Saved data entries
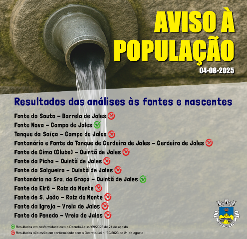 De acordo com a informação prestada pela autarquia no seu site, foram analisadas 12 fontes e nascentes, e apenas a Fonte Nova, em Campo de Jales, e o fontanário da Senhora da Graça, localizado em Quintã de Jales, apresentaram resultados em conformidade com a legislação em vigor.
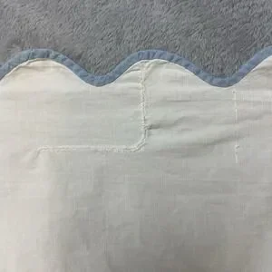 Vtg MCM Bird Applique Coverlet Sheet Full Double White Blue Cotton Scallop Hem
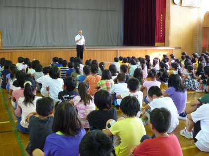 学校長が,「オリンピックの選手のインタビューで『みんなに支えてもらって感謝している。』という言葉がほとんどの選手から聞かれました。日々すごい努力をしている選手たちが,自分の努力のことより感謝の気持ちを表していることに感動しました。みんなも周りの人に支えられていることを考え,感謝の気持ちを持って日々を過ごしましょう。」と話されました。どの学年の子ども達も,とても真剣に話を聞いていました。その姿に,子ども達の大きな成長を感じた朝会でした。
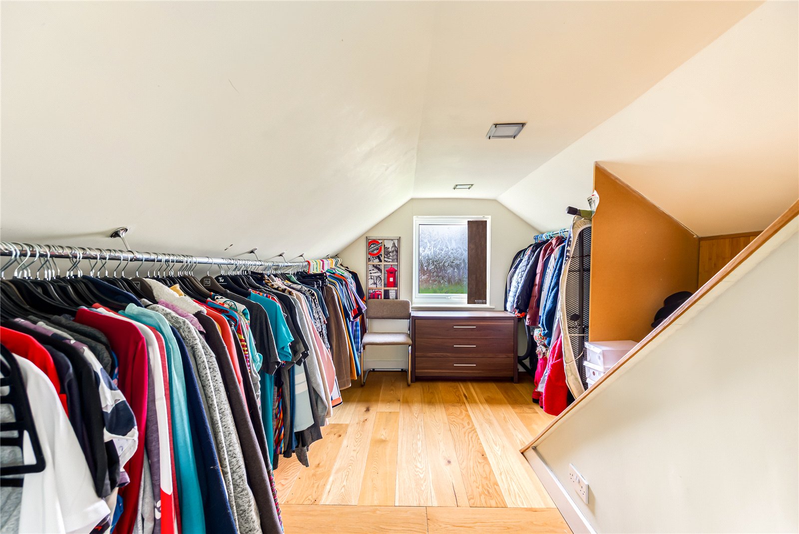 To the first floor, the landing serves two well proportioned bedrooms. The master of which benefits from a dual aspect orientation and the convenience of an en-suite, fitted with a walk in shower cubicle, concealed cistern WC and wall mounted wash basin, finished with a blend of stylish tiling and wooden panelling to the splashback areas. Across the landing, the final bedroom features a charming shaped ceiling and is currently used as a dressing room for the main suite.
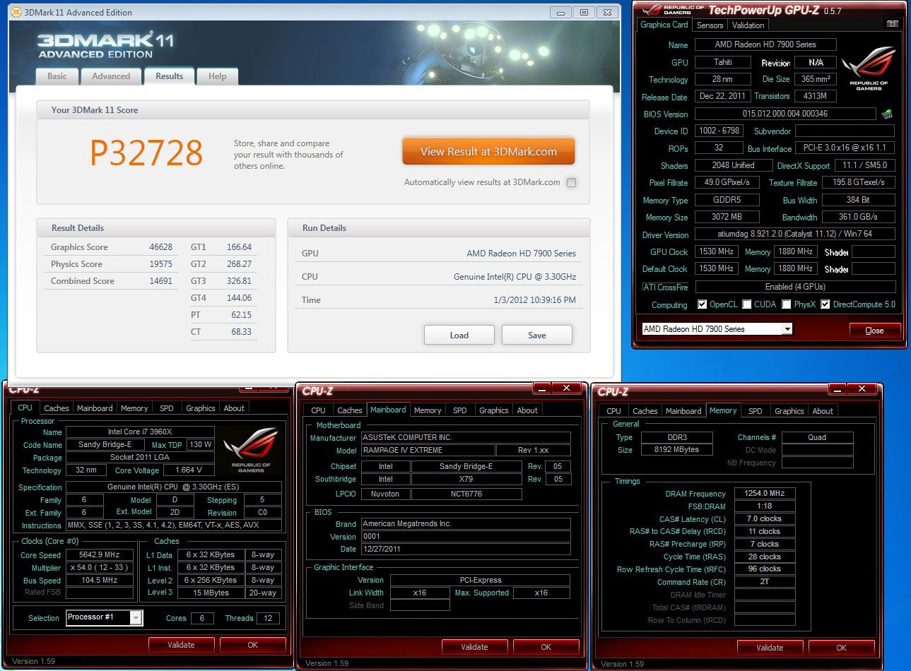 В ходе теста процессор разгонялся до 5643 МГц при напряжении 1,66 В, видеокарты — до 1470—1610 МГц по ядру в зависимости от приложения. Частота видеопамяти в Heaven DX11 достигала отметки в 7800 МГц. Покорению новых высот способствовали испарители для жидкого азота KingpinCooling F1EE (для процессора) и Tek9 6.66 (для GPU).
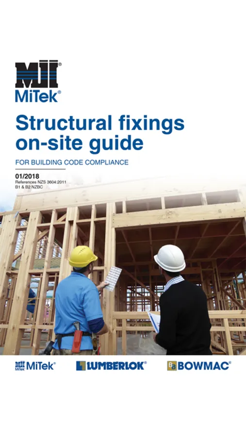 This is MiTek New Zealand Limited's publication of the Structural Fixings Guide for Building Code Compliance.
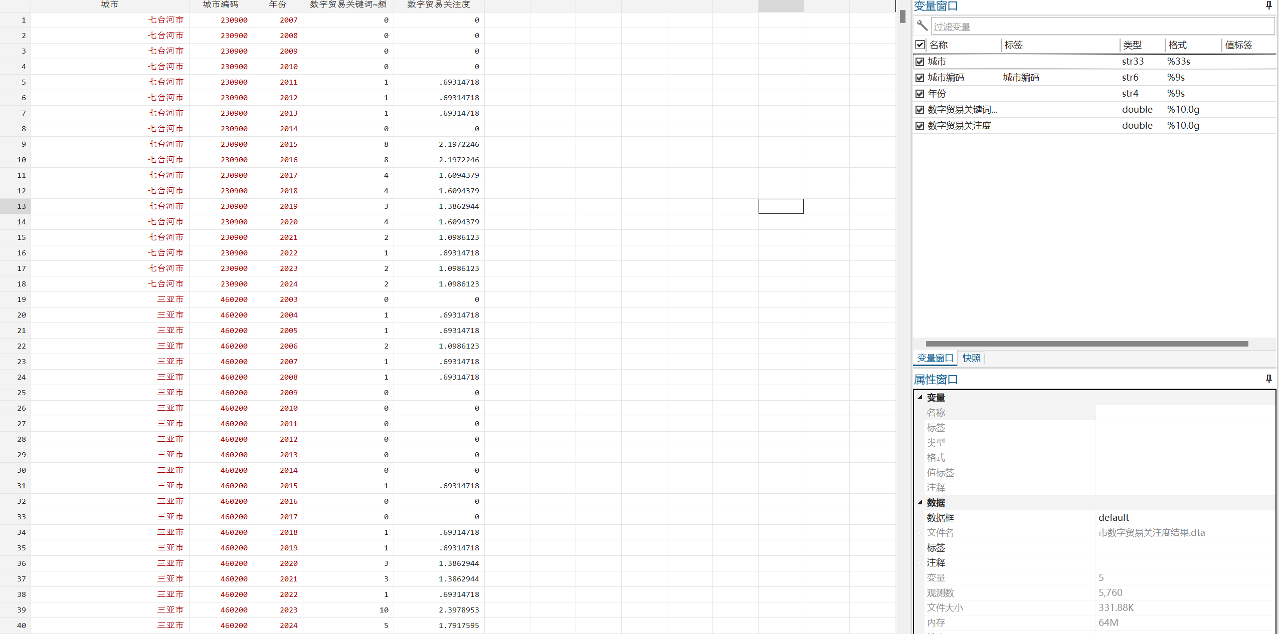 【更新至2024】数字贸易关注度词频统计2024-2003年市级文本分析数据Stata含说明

*ASSIGNED TASK*. Go back to the entries above and restate word for word every line from the first through the one that contains "To the first", leaving the pictures behind.

*REPLY TO THE TASK*.
 De acordo com a informação prestada pela autarquia no seu site, foram analisadas 12 fontes e nascentes, e apenas a Fonte Nova, em Campo de Jales, e o fontanário da Senhora da Graça, localizado em Quintã de Jales, apresentaram resultados em conformidade com a legislação em vigor.
 Vtg MCM Bird Applique Coverlet Sheet Full Double White Blue Cotton Scallop Hem
 学校長が,「オリンピックの選手のインタビューで『みんなに支えてもらって感謝している。』という言葉がほとんどの選手から聞かれました。日々すごい努力をしている選手たちが,自分の努力のことより感謝の気持ちを表していることに感動しました。みんなも周りの人に支えられていることを考え,感謝の気持ちを持って日々を過ごしましょう。」と話されました。どの学年の子ども達も,とても真剣に話を聞いていました。その姿に,子ども達の大きな成長を感じた朝会でした。
 To the first floor, the landing serves two well proportioned bedrooms. The master of which benefits from a dual aspect orientation and the convenience of an en-suite, fitted with a walk in shower cubicle, concealed cistern WC and wall mounted wash basin, finished with a blend of stylish tiling and wooden panelling to the splashback areas. Across the landing, the final bedroom features a charming shaped ceiling and is currently used as a dressing room for the main suite.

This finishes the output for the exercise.